Именно поэтому игнорировать сейчас наитие жены было бы глупо.
– Ну, так что там с этими передачами?
Диана включила запись. Ведущая вполне профессионально рассуждала о безнаказанности домашнего насилия. О запуганных жертвах, которые молчат и не обращаются в полицию, потому что не верят, что закон их защитит. И правильно не верят! Ведь полиция смотрит сквозь пальцы на страдания женщин и детей, ставших жертвами домашних тиранов.
– Ну, и что? Обычный набор психологических и социологических клише, поданных в форме, доступной среднестатистической домохозяйке.
– Я не предлагаю изучить, что она говорит. Пока не предлагаю, заметь. Со временем и до этого дело дойдет. – Диана нажала на паузу. – Я предлагаю обратить внимание на то, что все это идет в прямом эфире. Ну, якобы.
– Почему якобы?
– А потому, Андрюша! – подняла указательный палец Диана. И, взяв телефон, набрала номер, высвечивающийся на экране. – Видишь, абонент занят.
– Ну и?.. – не понял Бережной. – Поступает множество звонков, только и всего.

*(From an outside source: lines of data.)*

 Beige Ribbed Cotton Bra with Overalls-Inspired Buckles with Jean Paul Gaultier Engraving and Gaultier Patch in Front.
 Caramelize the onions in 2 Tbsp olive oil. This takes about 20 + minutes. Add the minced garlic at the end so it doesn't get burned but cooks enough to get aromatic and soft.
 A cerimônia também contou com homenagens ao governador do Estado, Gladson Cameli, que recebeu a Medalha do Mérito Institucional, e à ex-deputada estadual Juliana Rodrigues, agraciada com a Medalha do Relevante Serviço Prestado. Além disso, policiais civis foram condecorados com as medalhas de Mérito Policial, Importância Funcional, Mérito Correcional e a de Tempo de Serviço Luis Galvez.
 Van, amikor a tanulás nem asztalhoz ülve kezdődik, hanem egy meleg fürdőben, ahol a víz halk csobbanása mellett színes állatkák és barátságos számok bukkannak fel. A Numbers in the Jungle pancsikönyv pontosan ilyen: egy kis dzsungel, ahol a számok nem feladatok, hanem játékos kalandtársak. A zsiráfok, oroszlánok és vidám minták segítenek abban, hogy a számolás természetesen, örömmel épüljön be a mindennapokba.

– Но не всякий же раз! – Диана ткнула пальцем в лицо ведущей. – Да, можно и десять, и двадцать раз наткнуться на занятого абонента, но невозможно на протяжении десяти, к примеру, прямых эфиров не дозвониться ни разу. Это же не центральный телеканал, а просто канал в интернете.

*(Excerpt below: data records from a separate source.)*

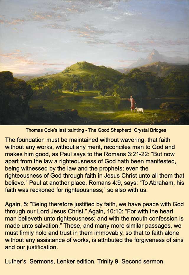 4. The foundation must be maintained without wavering, that faith without any works, without any merit, reconciles man to God and makes him good, as Paul says to the Romans 3:21-22: “But now apart from the law a righteousness of God hath been manifested, being witnessed by the law and the prophets; even the righteousness of God through faith in Jesus Christ unto all them that believe.” Paul at another place, Romans 4:9, says: “To Abraham, his faith was reckoned for righteousness;” so also with us.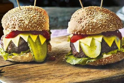 З гострими сирними “зубами”, “язичками” із солоних огірків та “очима” із фаршированих оливок — ці гамбургери-монстри ідеально підходять для тематичної вечірки на Гелловін.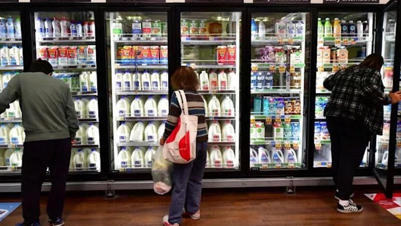 Grocery prices continued to rise in April 2022, though at a slower pace than March 2022, with dairy products jumping 2.5 percent in the month (AFP/Frederic J. BROWN)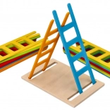Die einzigartige Holzkonstruktion sorgt für ein abwechslungsreiches und visuell ansprechendes Spiel. Die farbigen Leitern in leuchtenden Gelb-, Blau-, Rot-, Grün- und Orangetönen regen zu kreativem Spiel an.
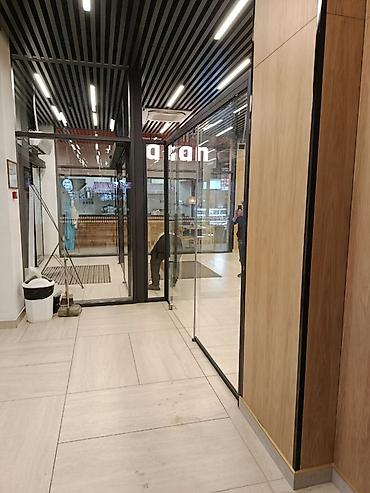 - Заполнение: закаленное прозрачное стекло, цельные полотна по высоте помещения
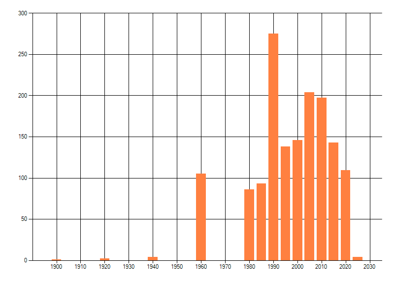 Het aantal atlasblokken (5x5 km) waarin de soort is gemeld binnen een periode van vijf jaar (vanaf 1980) of twintig jaar. Niet gecorrigeerd voor waarnemersinspanning en het aantal doorgegeven waarnemingen kan sterk variëren per periode, dus een trend in verspreiding kan hier niet direct uit worden afgelezen. Het opgegeven jaartal is het eerste jaar van de periode. Bron: gevalideerde waarnemingen uit de NDFF.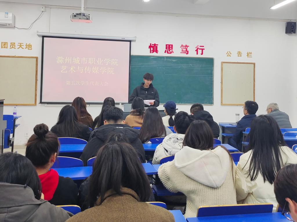 为了选优配强学生会干部,提升学生服务水平,11月29日,艺术与传媒学院第五次学生代表大会在C4-132教室顺利召开,第四届学生会主席团代表和59名各班级学生代表参加了本次会议。大会由艺术与传媒学院团总支书记周桐羽主持。艺术与传媒学院党总支书记杨孝富、副书记汪勇出席会议。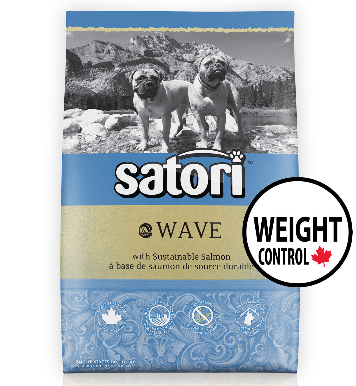 Satori Wave Salmon Recipe is the first Domestic Appropriate pet food specially designed to bridge the gap between your canine’s anatomy and modern lifestyle. Our salmon recipe has a logical approach as it considers canines, like the wolf, have digestive systems setup to efficiently process meat therefore it is grain free and made with fresh salmon. We then took it a step further by understanding our pets caloric needs are not the same as their wild ancestors since they do not travel 20-25km per day hunting and searching for food. These differences are the reason we adjusted the nutrition to fit their domestic lifestyle which consists of living in houses and backyards where their meals are served to them.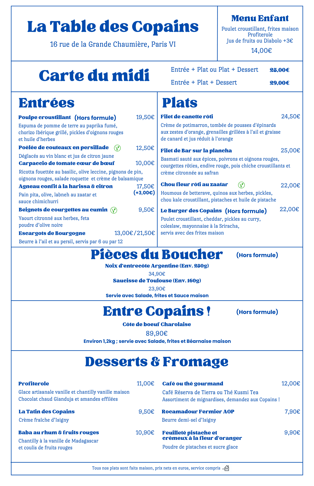 Liste des allergènes Suivez-nous sur instagram Contact contact@latabledescopains-paris.fr 01 43 54 31 45 Adresse 16 rue de la grande chaumière, 75006 Paris

– Ты решила поговорить о домашнем насилии?
Бережному все еще решительно непонятно, что так взволновало Диану. Допустим, ролики записаны, и девица лжет насчет прямых эфиров. Кому от этого плохо? Она же не нарушает никаких законов.
– На самом деле эти вопросы, скорее всего, просто записаны и включаются кем-то. Нет у нее никакого чата. А вот у меня есть устойчивое ощущение, что канал этот создан с какой-то определенной целью. Понимаешь? Нет, я не спорю, тема нужная и весьма благодатная. Но здесь есть еще кое-что, смотри дальше.
Диана вновь включила запись, убрала звук, и Бережной внимательно вгляделся в лицо ведущей.
Очень светлая блондинка с голубыми, немного даже белесыми глазами, какие часто бывают у альбиносов. Но кожа смуглая. Значит, либо волосы и глаза подделка, либо на кожу нанесен «автозагар».
– Она всегда так выглядит?
– Как?
– Ну, вот этот цвет волос и глаз в сочетании со смуглой кожей?
– Да, всегда. Только прическу меняет. – Диана толкнула Бережного плечом. – Вот, смотри, начинается.
Она вернула звук, и на экране возникло размытое изображение. Бережной не сразу даже понял, что именно он видит. И только женский истошный крик поставил все на свои места.
– Сделай тише, еще Аленка услышит.
– И то верно.
Они оба подумали о том, что для их дочери подобные сцены были когда-то обычным делом.
До того, как она стала их дочерью, Аленка жила в жуткой семье. Пьющие родители, и все соседи тоже пили, дрались, убивали друг друга, а женские вопли были там такой же обычной вещью, как смена времен года. Когда биологические родители девочки умерли, а она сама оказалась в больнице, Бережные решили во что бы то ни стало дать осиротевшему ребенку семью[2]. Девочка сразу привыкла к ним, а они окружили ее той заботой и любовью, какими окружают позднего желанного ребенка. Но оказалось, что при Аленке им нельзя было спорить, даже в шутку, не то что поссориться. Потому что Аленка не понимала пока разницы между их спорами и несогласиями по некоторым вопросам и тем, что происходило в ее прежней жизни. Нет, она понимала, что родители не затеют драку – столько-то она уже могла понять, но она боялась любых споров и ничего не могла с собой поделать – просто пока не знала как.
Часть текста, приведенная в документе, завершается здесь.